-- What the task asks --
Starting with the line below that holds "9,000원/월개발사업비 변경신청서로 개발사업비" and stopping after the line that holds "まずは全学年で尻尾取りゲーム", transcribe the lines exactly, leaving out all pictures.

-- Working data --

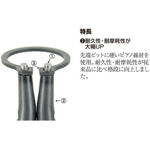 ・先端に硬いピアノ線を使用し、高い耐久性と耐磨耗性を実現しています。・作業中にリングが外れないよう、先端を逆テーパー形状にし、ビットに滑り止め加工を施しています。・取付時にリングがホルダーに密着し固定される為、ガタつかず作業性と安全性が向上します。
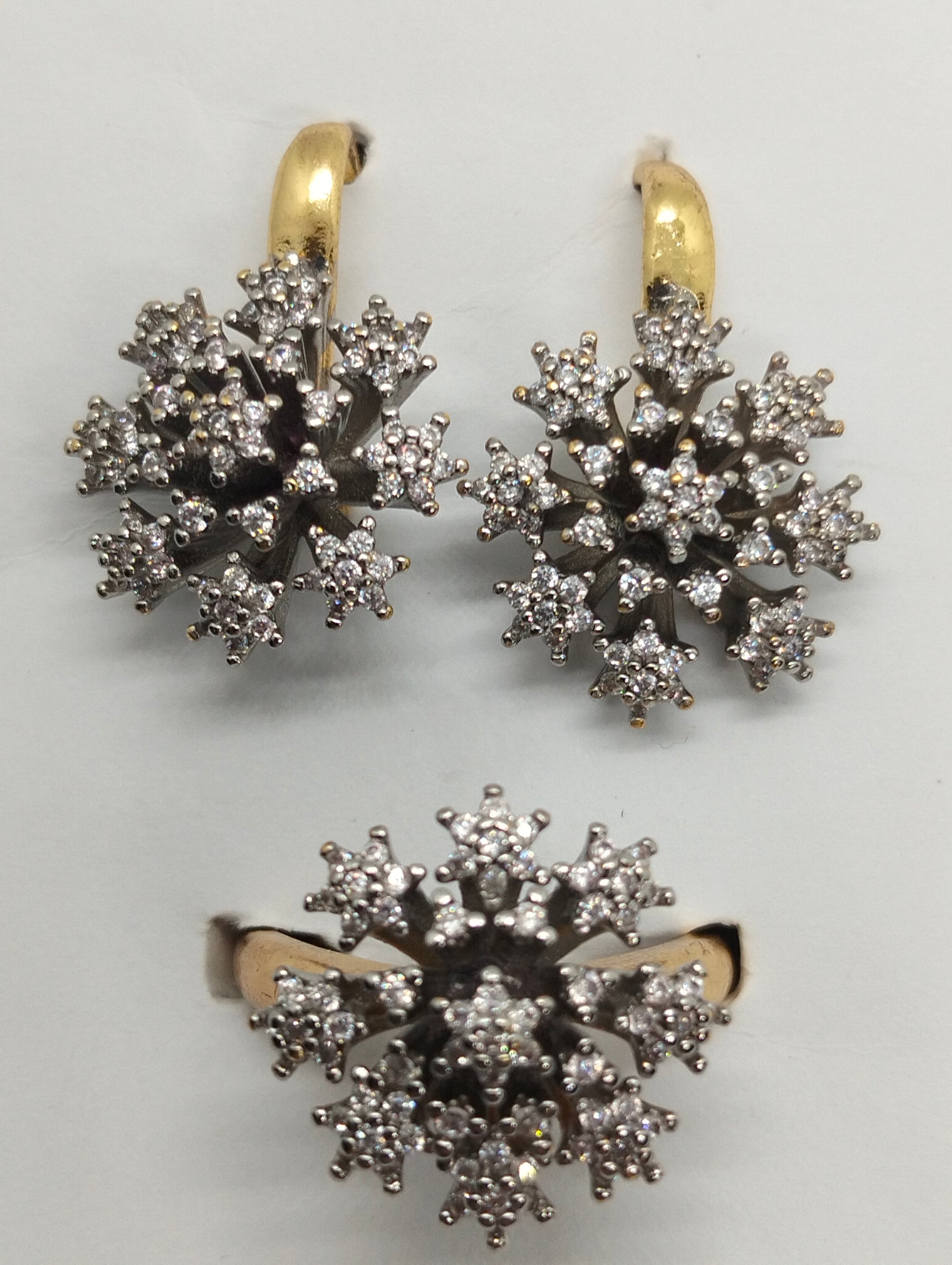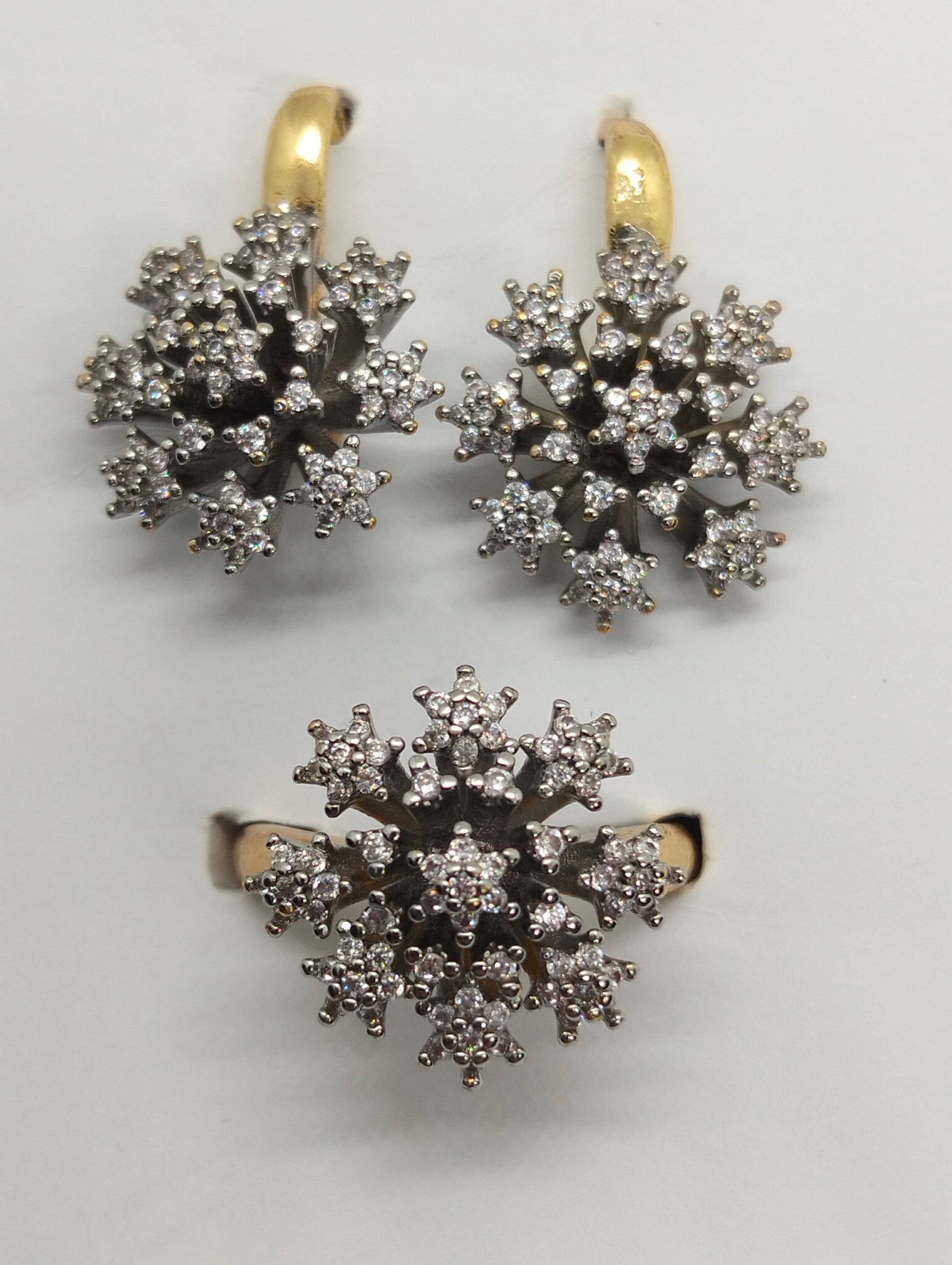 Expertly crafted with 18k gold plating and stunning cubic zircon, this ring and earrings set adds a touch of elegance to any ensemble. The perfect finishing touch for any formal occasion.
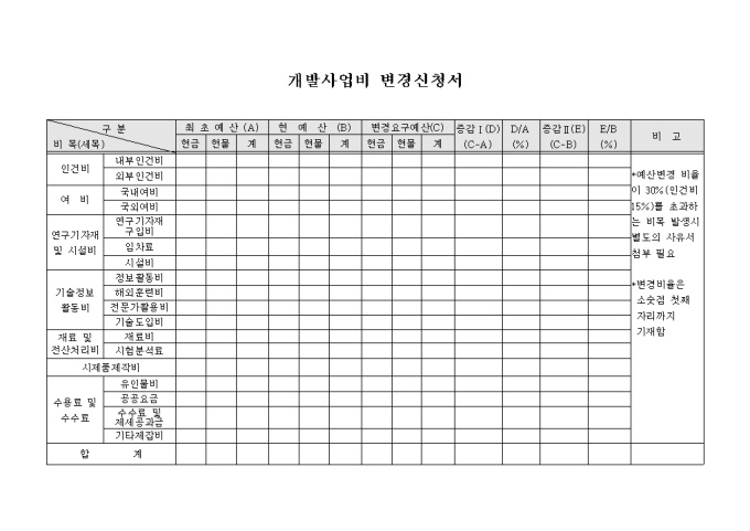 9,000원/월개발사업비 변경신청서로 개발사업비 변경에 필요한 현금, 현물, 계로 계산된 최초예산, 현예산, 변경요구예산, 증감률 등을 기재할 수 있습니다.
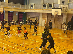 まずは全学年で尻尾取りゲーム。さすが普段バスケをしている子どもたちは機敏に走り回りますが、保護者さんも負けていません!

--

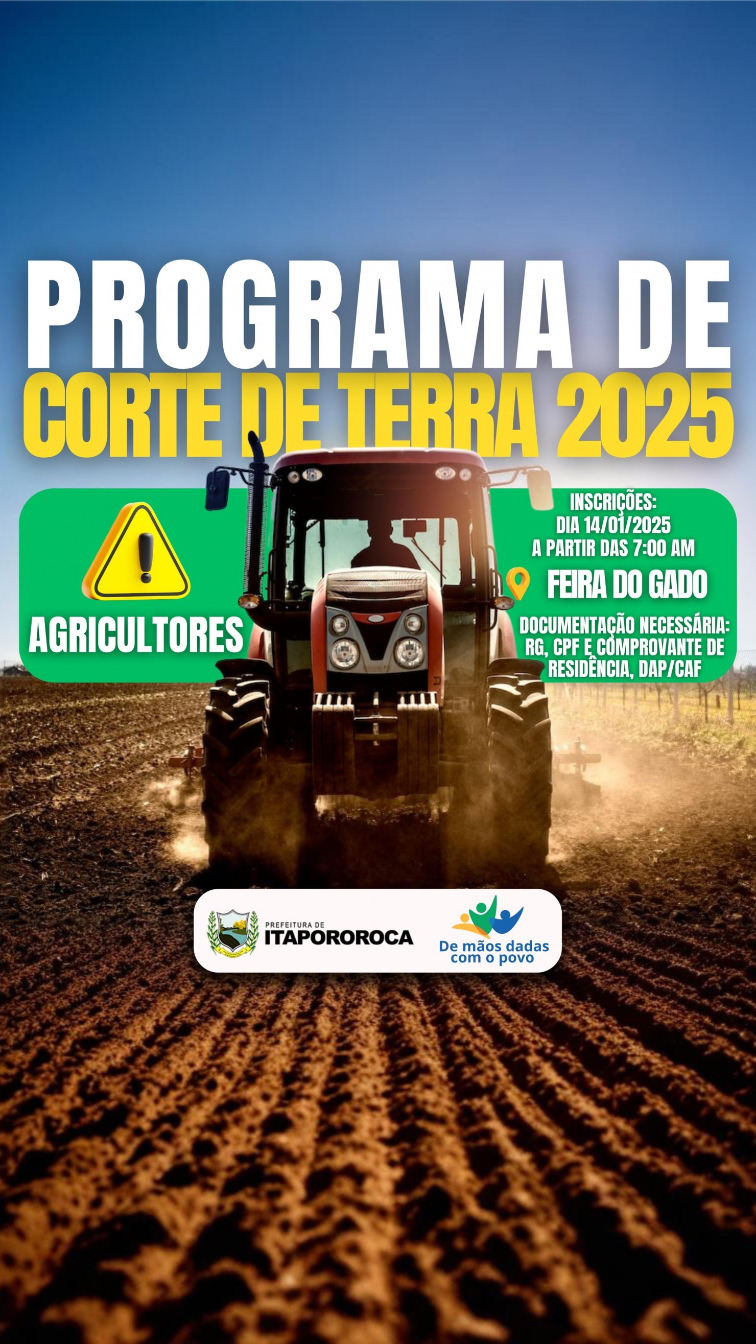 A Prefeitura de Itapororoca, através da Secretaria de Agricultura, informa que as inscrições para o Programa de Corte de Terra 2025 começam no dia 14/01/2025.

==

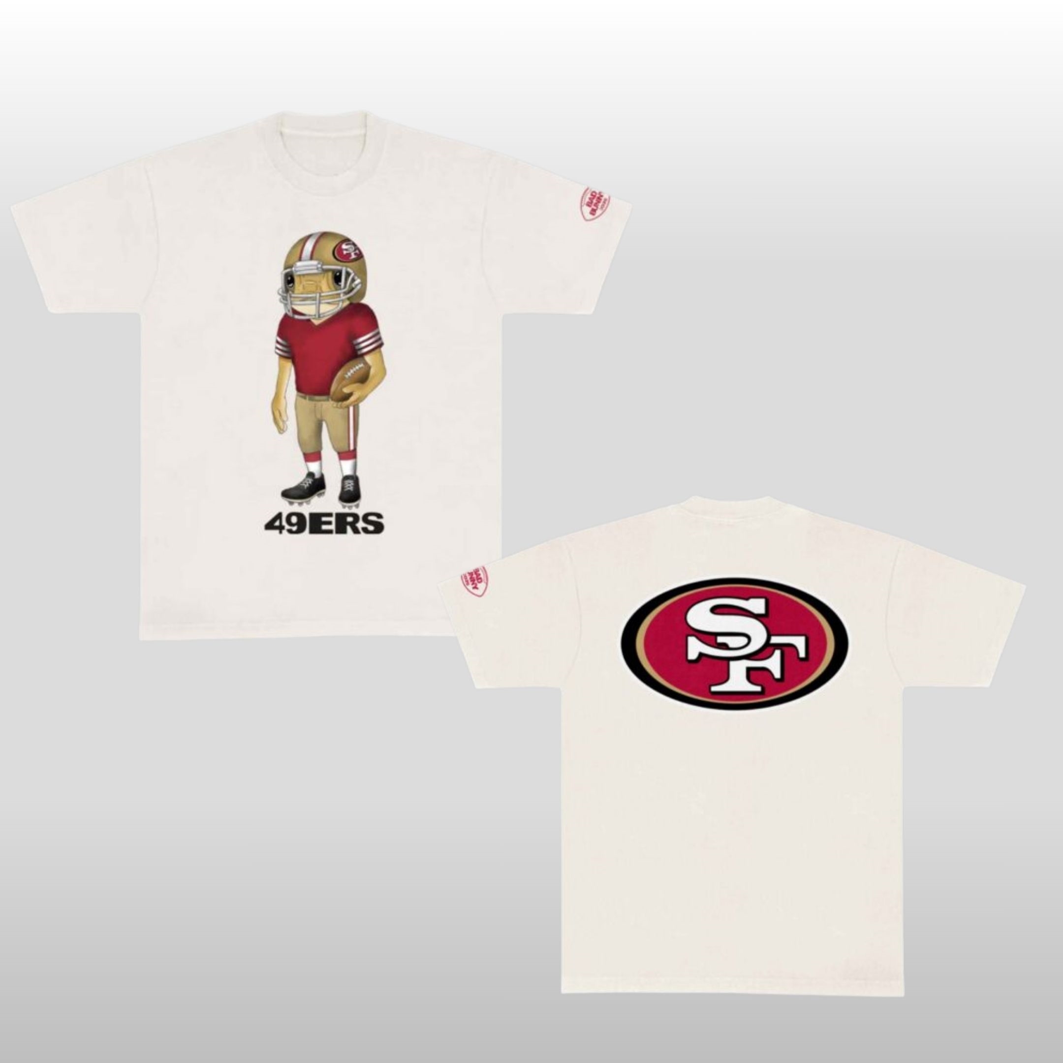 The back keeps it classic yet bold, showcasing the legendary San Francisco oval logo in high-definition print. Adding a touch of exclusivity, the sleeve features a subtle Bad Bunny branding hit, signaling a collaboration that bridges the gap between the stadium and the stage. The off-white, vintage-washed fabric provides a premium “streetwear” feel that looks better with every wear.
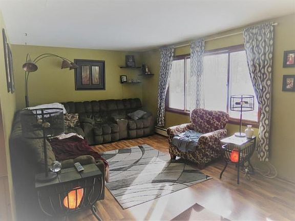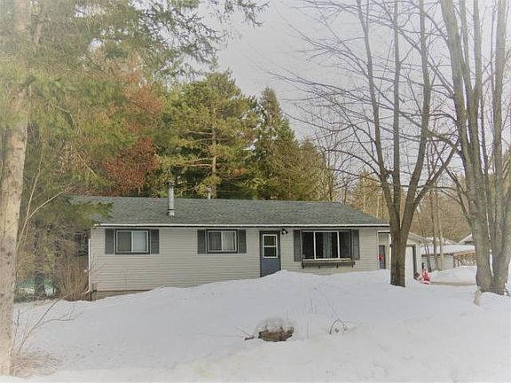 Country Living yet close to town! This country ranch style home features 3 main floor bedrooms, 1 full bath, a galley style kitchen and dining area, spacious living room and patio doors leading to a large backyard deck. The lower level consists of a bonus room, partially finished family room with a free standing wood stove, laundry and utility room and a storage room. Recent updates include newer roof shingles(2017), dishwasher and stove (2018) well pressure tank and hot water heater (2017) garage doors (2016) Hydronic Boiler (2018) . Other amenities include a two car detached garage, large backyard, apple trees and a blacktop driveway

-- Your response --
 9,000원/월개발사업비 변경신청서로 개발사업비 변경에 필요한 현금, 현물, 계로 계산된 최초예산, 현예산, 변경요구예산, 증감률 등을 기재할 수 있습니다.
 まずは全学年で尻尾取りゲーム。さすが普段バスケをしている子どもたちは機敏に走り回りますが、保護者さんも負けていません!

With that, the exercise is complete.